*** GIVEN RECORDS Section Begins ***

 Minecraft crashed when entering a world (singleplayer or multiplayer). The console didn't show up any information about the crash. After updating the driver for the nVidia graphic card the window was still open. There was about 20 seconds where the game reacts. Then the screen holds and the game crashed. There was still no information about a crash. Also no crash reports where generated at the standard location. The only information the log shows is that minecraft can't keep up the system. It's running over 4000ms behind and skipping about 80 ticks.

*** GIVEN RECORDS Section Ends ***
*** GIVEN RECORDS Section Begins ***

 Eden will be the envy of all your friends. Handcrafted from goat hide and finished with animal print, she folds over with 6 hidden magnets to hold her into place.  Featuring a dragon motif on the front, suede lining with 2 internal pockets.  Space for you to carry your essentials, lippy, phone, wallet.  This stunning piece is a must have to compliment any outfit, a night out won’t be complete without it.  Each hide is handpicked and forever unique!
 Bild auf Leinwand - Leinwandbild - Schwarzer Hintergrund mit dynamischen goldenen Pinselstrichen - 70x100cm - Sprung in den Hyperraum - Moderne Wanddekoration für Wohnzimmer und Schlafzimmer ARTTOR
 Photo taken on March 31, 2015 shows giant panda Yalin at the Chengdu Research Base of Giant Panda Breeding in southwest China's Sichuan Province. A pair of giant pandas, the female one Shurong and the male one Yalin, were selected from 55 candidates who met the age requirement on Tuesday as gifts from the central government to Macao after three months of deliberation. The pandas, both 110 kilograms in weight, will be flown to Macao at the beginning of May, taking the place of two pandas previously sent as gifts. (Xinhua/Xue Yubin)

*** GIVEN RECORDS Section Ends ***

## TASK BRIEF
Once you have checked the entries above, say how many lines include the word "from", and nothing beyond the number.

## ANSWER FOR THIS EXERCISE
2